Among those new cases in the past year, 228 involved a teacher while 81 involved a security guard — meaning 4.7% of the district’s 1,700 security guards were the subject of an allegation.

“The numbers are very consistent as it’s turning out to be ... about three cases a day that we’re opening,” Schuler said.

Of the closed cases, investigators have substantiated 67 allegations against adults, mostly involving “concerning” behavior and not rising to the level of sexual abuse or assault. Seven substantiated cases involved a sexual act or abuse and another 12 were about improper touching that was deemed less than sexual abuse.

As a result of those substantiated cases, 57 adults were fired, resigned or retired after the completion of the investigations while another 96 have been pulled from their job while the inspector general examines the cases. Seventeen cases have involved police and criminal prosecution.

While reporting has been consistent over the past year, it has gone up from previous years — a change the district attributes to better education and training that helps everyone in schools better identify troubling behavior.

Schuler’s office first received full authority over all CPS sexual abuse cases involving adults in June 2018 after the Chicago Tribune’s “Betrayed” series uncovered the district’s widespread and serious mishandling of students’ reports of sexual abuse.

Since then, the inspector general’s office has received hundreds of new reports of abuse while it carries out its usual duties and figures out how to reexamine old cases.

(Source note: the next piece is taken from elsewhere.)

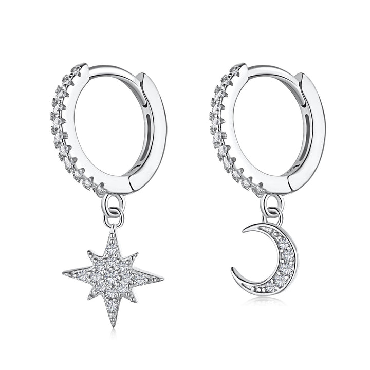 ˇFashion StreetˇStar and Moon Asymmetric Earrings

Schuler’s office started last school year with 23 full-time employees and ended with 34. To help manage the workload, the district this year budgeted an extra $3.5 million and 15 additional employees in the office who will be on a new sexual investigations team.

“The investigators tend to have pretty high caseloads, and we’re trying to close them,” Schuler said. “We want to investigate them all as well as we can and do the right thing.”

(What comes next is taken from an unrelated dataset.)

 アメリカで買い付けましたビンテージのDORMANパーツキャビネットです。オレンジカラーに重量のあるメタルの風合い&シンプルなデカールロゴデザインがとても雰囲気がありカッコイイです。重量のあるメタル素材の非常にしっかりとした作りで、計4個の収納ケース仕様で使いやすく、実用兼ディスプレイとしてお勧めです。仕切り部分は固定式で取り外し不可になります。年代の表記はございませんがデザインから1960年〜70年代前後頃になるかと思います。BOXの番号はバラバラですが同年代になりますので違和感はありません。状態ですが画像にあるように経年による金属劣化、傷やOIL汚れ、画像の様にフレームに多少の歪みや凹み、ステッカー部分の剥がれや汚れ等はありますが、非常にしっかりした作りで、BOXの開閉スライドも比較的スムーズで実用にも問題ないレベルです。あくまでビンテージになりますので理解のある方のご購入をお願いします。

While Schuler said he doesn’t think the office needs more help right now, he “won’t be shy” about asking for more resources if that need is identified going forward.

Still, the office doesn’t have the capacity to look back at nearly 1,000 old cases since the year 2000.

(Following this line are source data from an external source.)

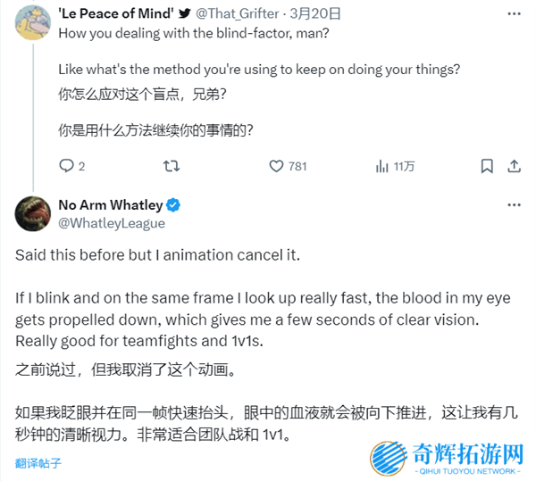 面对如此困境,Whatley并未选择放弃。他深爱着《英雄联盟》,决心重返游戏。通过无数次的尝试与摸索,他自创了一种名为“取消后摇”的技巧。通过快速眨眼并抬头,他能让眼球内的血液流向下方,从而获取短暂的清晰视野。这几秒钟的时间,对他来说至关重要,足以让他观察游戏画面,做出反应。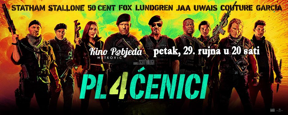U Kinu 'Pobjeda' Metković u petak, 29. rujna s početkom u 20 sati na rasporedu je akcijski triler 'Plaćenici 4'. Plaćenici se vraćaju na velika platna u svom četvrtom izdanju i ponovo predstavljaju najveća imena glumačke akcijske scene. Jason Statham, Andy Garcia, Sylvester Stallone i Dolph Lundgren donose vam novu dozu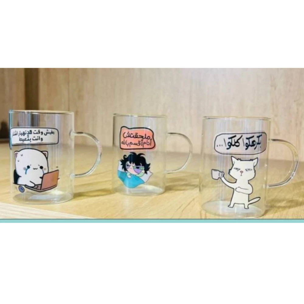 طقم فنجين قهوة زجاجي بتصميم كومكس المميز، مكون من 3 قطع متوسطة الحجم، برسومات فنية مستوحاة من عالم القصص المصوّرة تضيف لمسة مرحة وعصرية على كل رشفة.

So in February, Schuler, with the school board’s approval, hired global law firm Dentons LLP on a $250,000 contract to reexamine half of those old cases, according to school board records.

On Wednesday, Schuler hired another firm, Alvarez & Marsal, on a $550,000 agreement to help review the rest of the cases. A contract with the firm is still being negotiated but would start Dec. 1 and go through next October.

Alvarez & Marsal is a well-known global firm that specializes in performance improvement and turnaround management and offers investigations as one of its services to a large portfolio of major companies and governments. Among those working at the firm’s Chicago office is Anita Alvarez, the embattled former Cook County state’s attorney, who was hired as a managing director in April to oversee corruption, financial fraud and violent crimes investigations.

Alvarez & Marsal’s attorneys will review the investigative files of cases involving CPS employees and dating back to 2000 to “assess the effectiveness and appropriateness of the prior investigations,” school board records show. The attorneys will give Schuler’s office monthly progress reports on their findings and identify areas of concern that warrant another look or some corrective actions.

Alvarez & Marsal’s work — and Dentons’ — isn’t the first time the district’s handling of sexual abuse cases is reviewed.

Earlier this year, CPS agreed to a “substantial overhaul” of how it handles sexual violence and harassment cases after a federal investigation found “glaring and heartbreaking” problems in the district. At the end of that review, federal officials at the U.S. Department of Education’s Office for Civil Rights found “widespread and systemic” mishandling of thousands of incidents dating back to 2012.

Another report by former state inspector general and ex-assistant United States Attorney Maggie Hickey also found problems with CPS’ handling of cases but credited the district for changes already made, including the formation of a new Office of Student Protections and Title IX.